Après un développement difficile, la sonde spatiale Psyche décolle ce 13 octobre 2023 en direction de l'astéroïde du même nom. Un voyage de 3,5 milliards de kilomètres pour une rencontre en 2029 avec ce qui fut probablement le « cœur inachevé » d'une planète. L'astéroïde métallique livrera-t-il ses secrets ?
Pour bien comprendre les débuts de notre Système solaire et la formation des planètes rocheuses en général, de nombreux indices sont issus des explorations de ces dernières décennies. Celles-ci se sont faites autour de la Terre, de Mercure, de Vénus, de Mars, mais aussi autour des astéroïdes et des planètes mineures.
La mission Dawn, qui a visité la protoplanète Vesta avant d'aller en orbite de Ceres il y a moins de dix ans, a apporté beaucoup de réponses…
Pourquoi Psyche ?
Les équipes scientifiques manquent encore de données, et l'astéroïde 16 Psyche est l'un des plus intéressants pour mieux comprendre la formation de planètes rocheuses. C'est l'un des plus grands (278 x 232 x 164 kilomètres environ), des plus lourds, et tout porte à croire que sa composition est très riche en métal.
S'agit-il d'un ancien cœur ou d'un morceau du cœur métallique d'une planète aujourd'hui disparue ? De quoi est-il composé exactement ? Était-il un jour du métal en fusion, a-t-il subi des impacts ? Quelle est son influence magnétique, et comment a-t-il évolué ces derniers milliards d'années ? Au-delà de quelques articles sensationnalistes sur sa prétendue valeur (aussi inutiles que contre-productifs et mal sourcés), on ne connaît grosso modo que sa forme et sa couleur qui tire sur le rouge. Mais tout cela va changer grâce à la mission Psyche.

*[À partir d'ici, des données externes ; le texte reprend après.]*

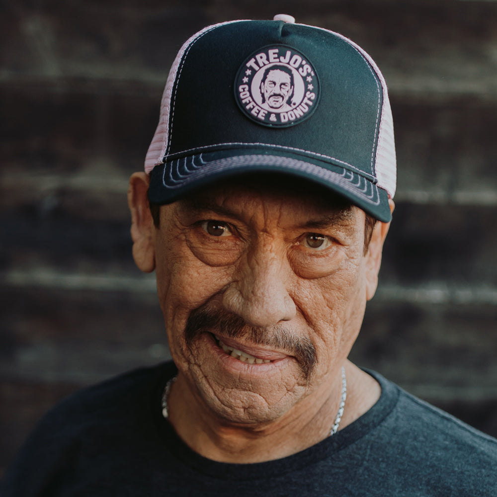 The Black/Pink Trucker Hat boasts the iconic Trejo's Coffee & Donuts logo in raised rubber detail. This versatile accessory is designed in a classic trucker hat style with a mesh back and adjustable snap-back closure, making it a comfortable and stylish choice for anyone.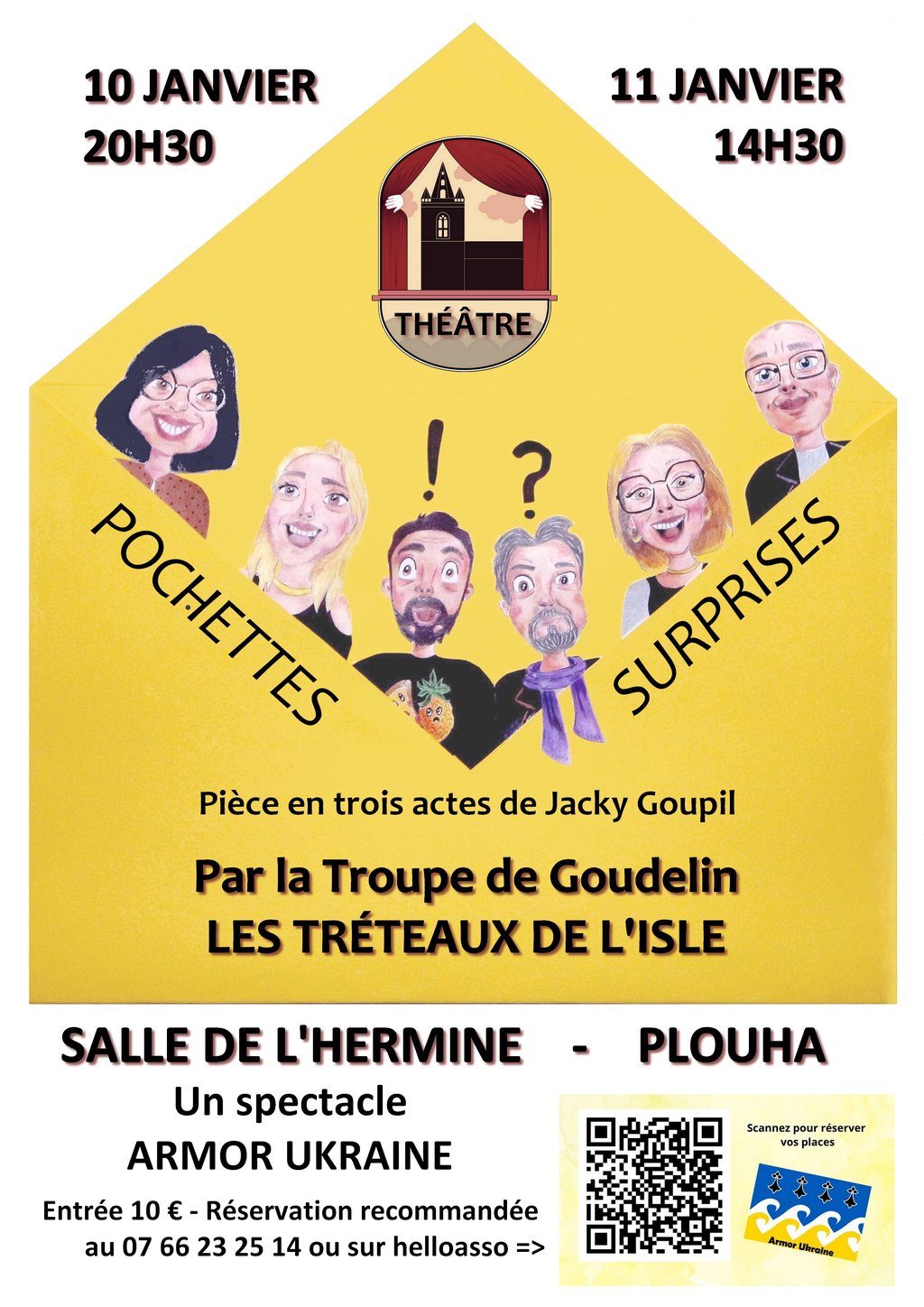 Les samedi 10 et dimanche 11 janvier 2026, l'association Armor Ukraine organise un week-end théâtre avec la troupe Les Tréteaux de L'Isle !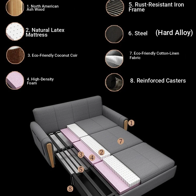 "【Free Shipping to Hong Kong】Multi-Functional Sofa Bed - Space-Saving Folding Design for Small Living Rooms, Adjustable Solid Wood Pull-Out Couch for Sitting and Sleeping"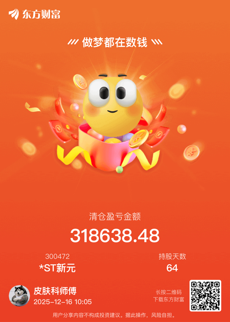 获利了结,已清仓,到了我的止盈线,不得不清楚,祝留下的发财..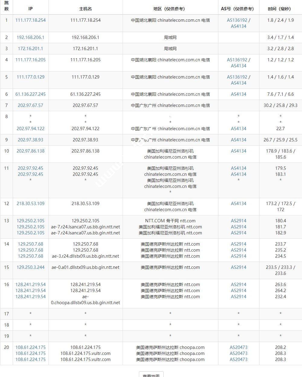 NTT是一个亚洲的运营商,运营公司是在日本,不过由于其与电信在北美也有互联点,所以这里拿到北美也提一下。NTT和电信在北美的互联也是免费PEER,互联点在洛杉矶,容量不是很大的样子。。。不过承载的业务也比较少啦。。。目前看到经常走ntt的基本只有colocrossing和choopa的部分地域。一下是电信-北美NTT的去程路由:
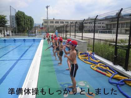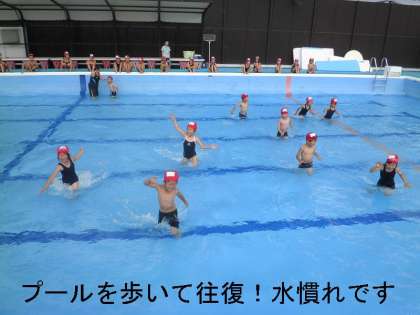 今日は水深が50センチ程度で浅かったので,だれ一人水を怖がる子もなく楽しみました。今週は,水慣れ期間で水遊びが中心ですが,来週からは,水泳学習に切り替えて泳ぎの練習に入っていきます。

Vers Psyche en sonde électrique
La NASA s'est en effet décidée en 2017 pour deux missions explorant des astéroïdes particuliers. La mission Lucy est déjà partie l'an dernier pour aller visiter les astéroïdes troyens et grecs de Jupiter, tandis que Psyche va partir pour visiter ce potentiel ancien « cœur de planète ». La sonde pèse 2,6 tonnes au décollage, et pour l'œil non averti, elle ressemble à un satellite classique. Néanmoins, il ne faut pas s'y tromper.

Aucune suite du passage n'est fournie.